▸ **DESCRIPTION OF THE TASK**
Begin at the line below that holds "Bunk Beds, Kitchen" and end at the line that holds "Obraz abstrakcja na", transcribing each line exactly and skipping any picture.

▸ **MATERIAL FOR THIS EXERCISE**
|---|

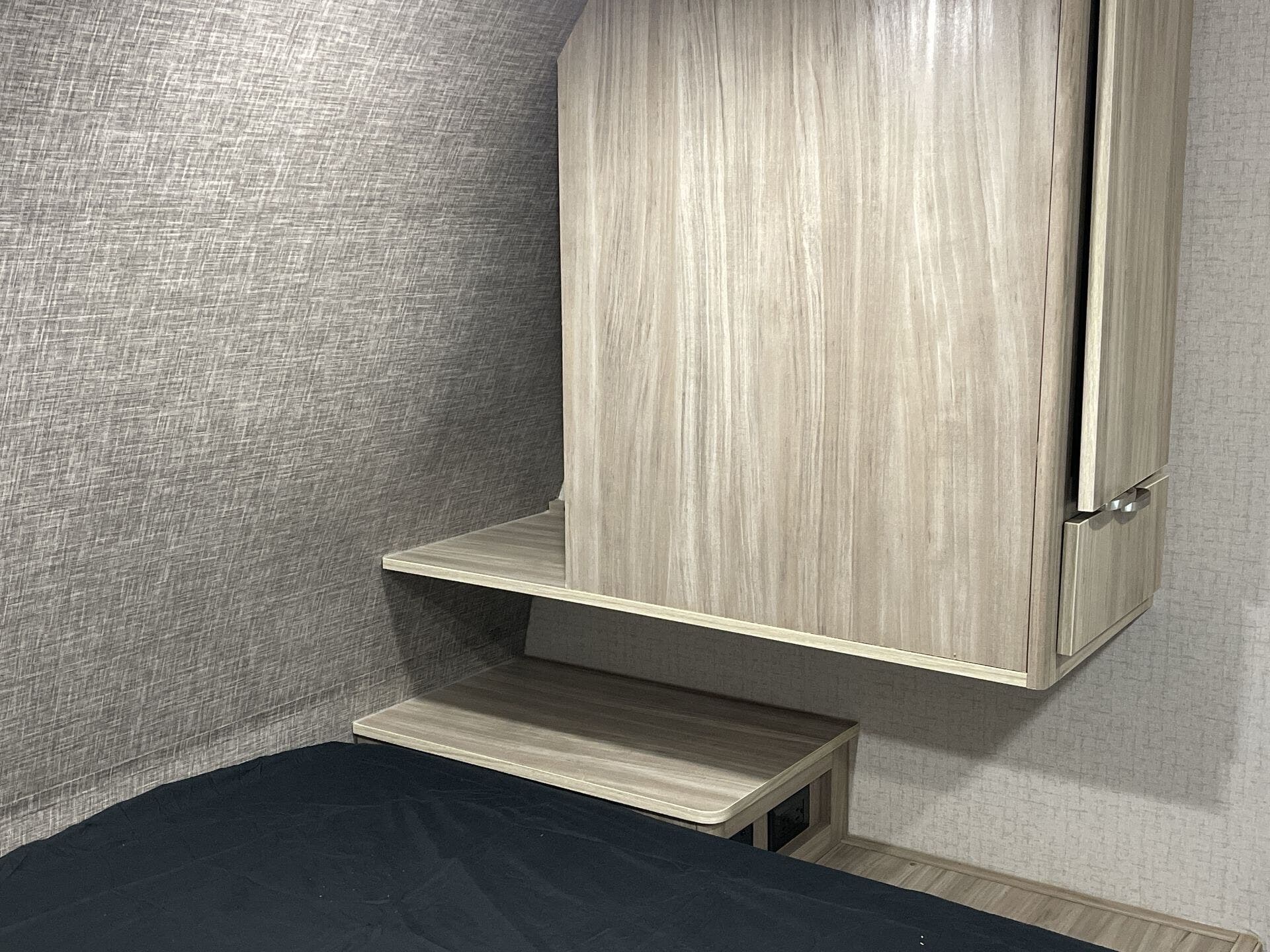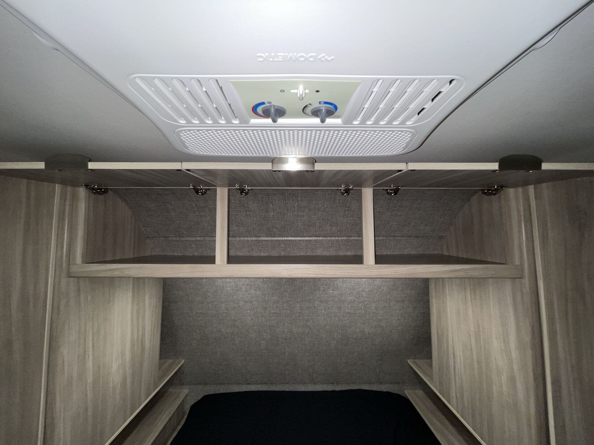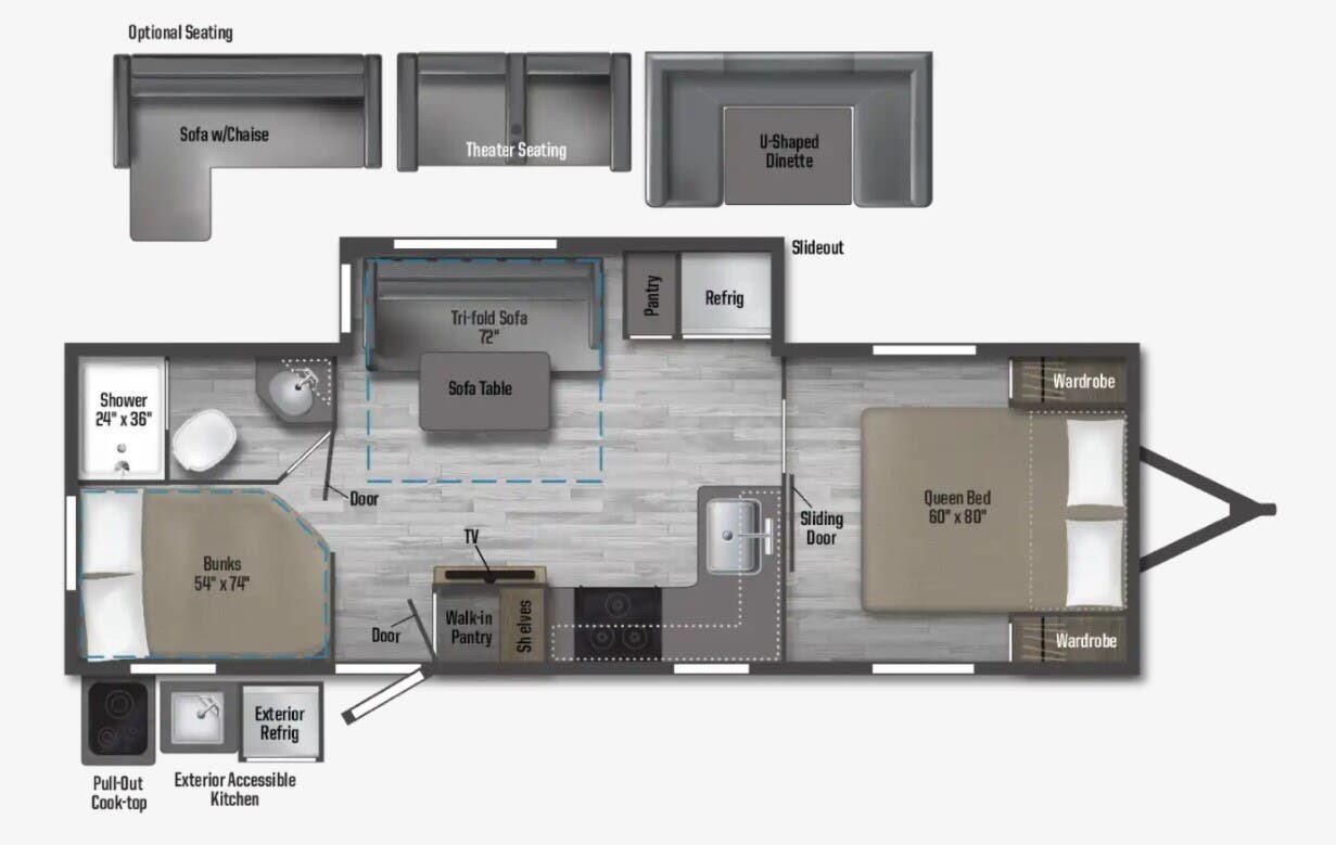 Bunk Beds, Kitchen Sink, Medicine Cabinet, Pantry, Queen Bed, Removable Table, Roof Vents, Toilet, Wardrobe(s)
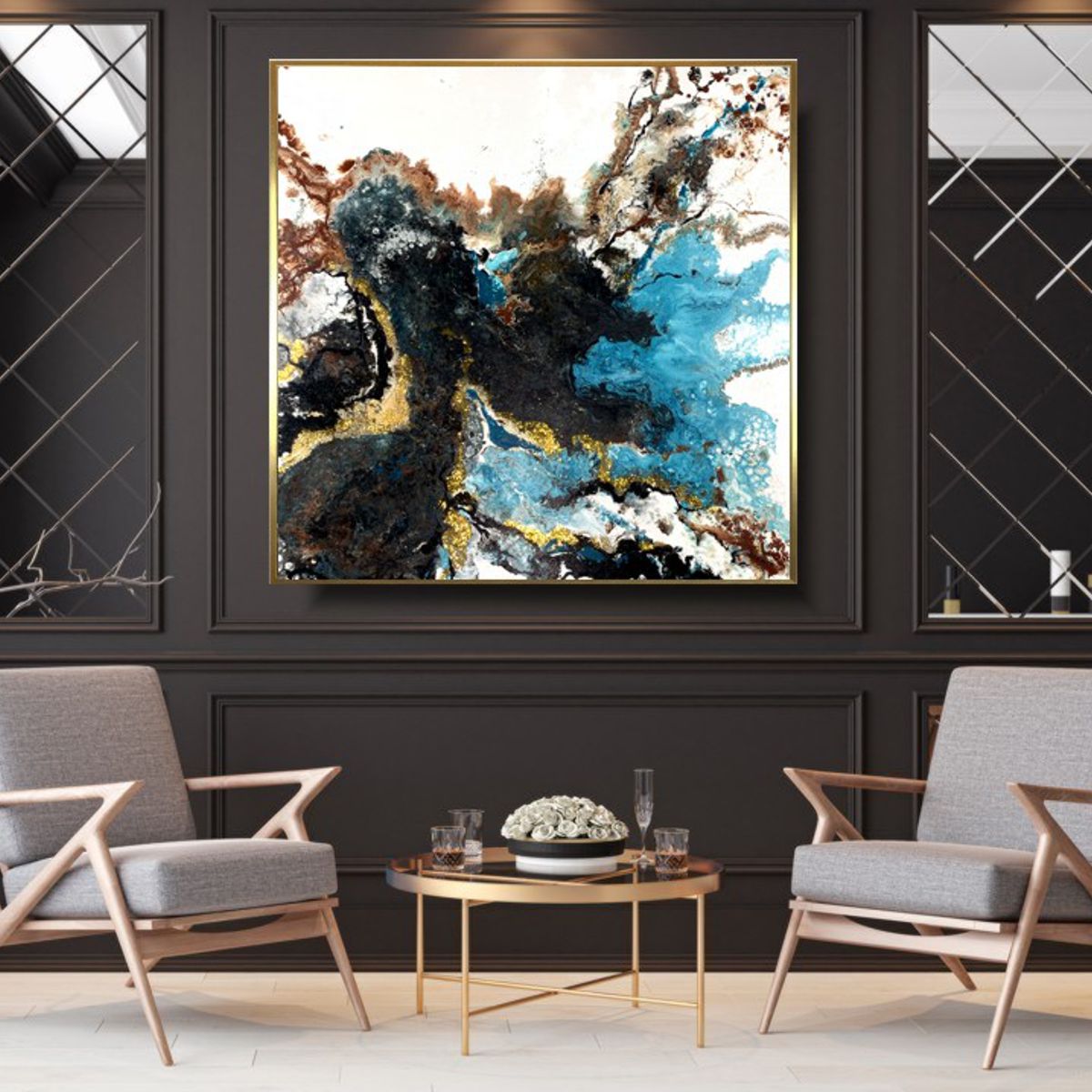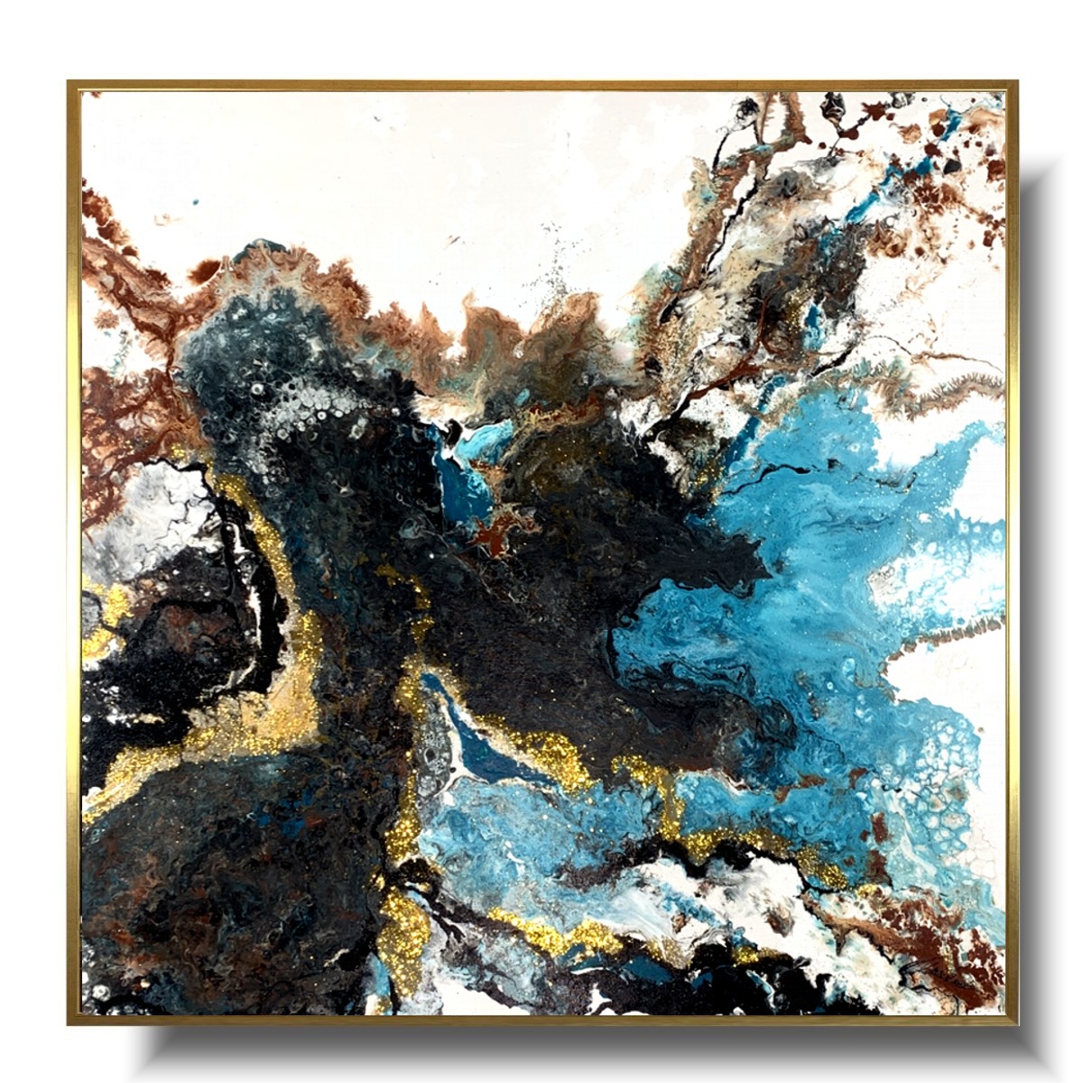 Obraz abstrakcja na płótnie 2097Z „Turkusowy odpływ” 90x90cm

|---|

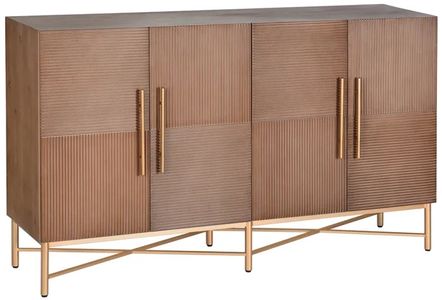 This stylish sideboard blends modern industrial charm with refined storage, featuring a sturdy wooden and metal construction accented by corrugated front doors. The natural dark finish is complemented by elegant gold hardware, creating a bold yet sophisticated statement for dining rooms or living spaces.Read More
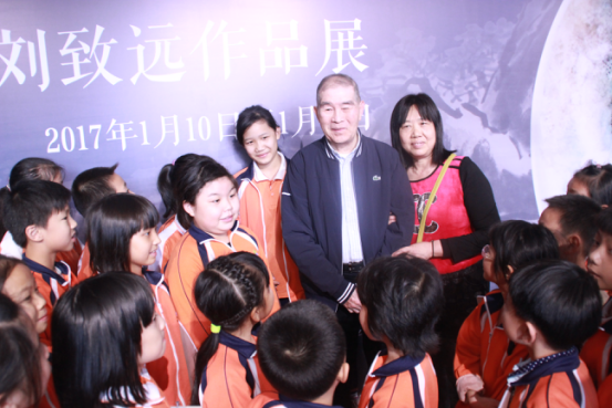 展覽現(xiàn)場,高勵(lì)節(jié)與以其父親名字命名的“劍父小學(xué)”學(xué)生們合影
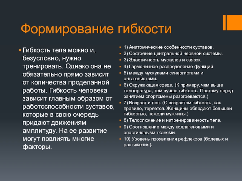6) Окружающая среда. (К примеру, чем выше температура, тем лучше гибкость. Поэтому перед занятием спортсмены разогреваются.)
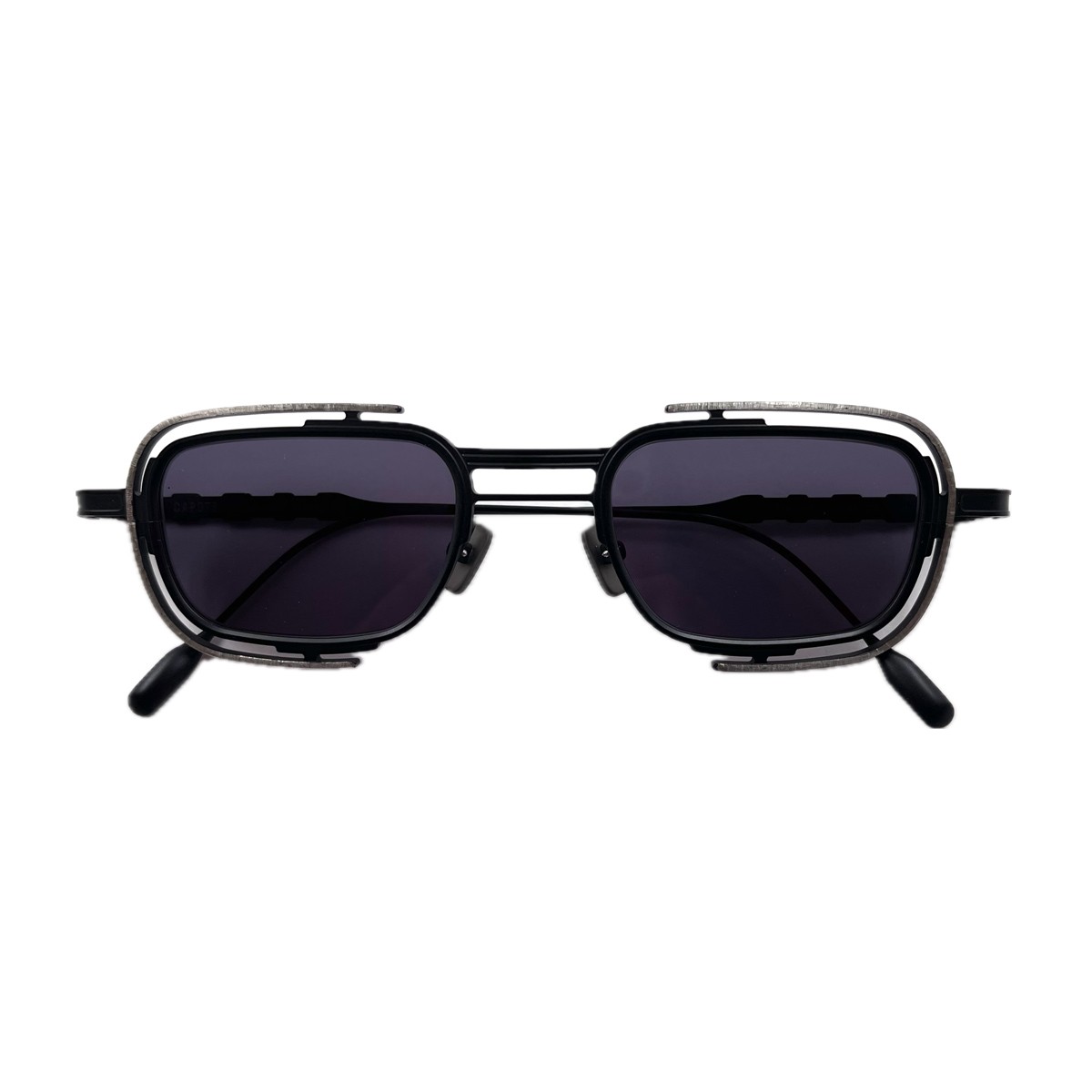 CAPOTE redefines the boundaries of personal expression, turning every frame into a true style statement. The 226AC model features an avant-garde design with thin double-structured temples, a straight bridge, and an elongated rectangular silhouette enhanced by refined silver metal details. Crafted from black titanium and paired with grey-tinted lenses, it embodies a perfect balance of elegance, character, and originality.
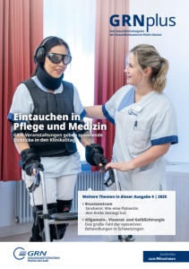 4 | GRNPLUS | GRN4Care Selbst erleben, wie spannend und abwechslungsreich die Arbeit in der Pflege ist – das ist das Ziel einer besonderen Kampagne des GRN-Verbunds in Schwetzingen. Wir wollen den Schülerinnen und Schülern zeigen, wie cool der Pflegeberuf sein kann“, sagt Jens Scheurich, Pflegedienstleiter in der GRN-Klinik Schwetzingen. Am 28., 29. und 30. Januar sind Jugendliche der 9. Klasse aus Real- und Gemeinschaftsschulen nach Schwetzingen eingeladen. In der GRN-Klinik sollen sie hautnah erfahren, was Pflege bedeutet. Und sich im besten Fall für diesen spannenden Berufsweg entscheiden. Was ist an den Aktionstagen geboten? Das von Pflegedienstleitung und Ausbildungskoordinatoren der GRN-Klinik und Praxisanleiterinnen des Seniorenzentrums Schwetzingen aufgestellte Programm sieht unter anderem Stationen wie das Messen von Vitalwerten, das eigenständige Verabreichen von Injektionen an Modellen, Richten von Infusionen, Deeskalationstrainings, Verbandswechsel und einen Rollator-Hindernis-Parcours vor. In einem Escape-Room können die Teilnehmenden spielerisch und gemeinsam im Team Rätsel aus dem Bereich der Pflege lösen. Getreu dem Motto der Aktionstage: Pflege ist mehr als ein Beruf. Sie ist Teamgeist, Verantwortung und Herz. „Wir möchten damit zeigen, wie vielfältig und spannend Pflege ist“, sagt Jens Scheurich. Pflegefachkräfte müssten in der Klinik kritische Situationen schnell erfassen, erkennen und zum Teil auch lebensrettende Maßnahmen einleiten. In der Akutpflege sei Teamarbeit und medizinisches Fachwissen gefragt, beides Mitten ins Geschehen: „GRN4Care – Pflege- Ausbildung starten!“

|---|

▸ **SOLUTION TO THE EXERCISE**
 Bunk Beds, Kitchen Sink, Medicine Cabinet, Pantry, Queen Bed, Removable Table, Roof Vents, Toilet, Wardrobe(s)
 Obraz abstrakcja na płótnie 2097Z „Turkusowy odpływ” 90x90cm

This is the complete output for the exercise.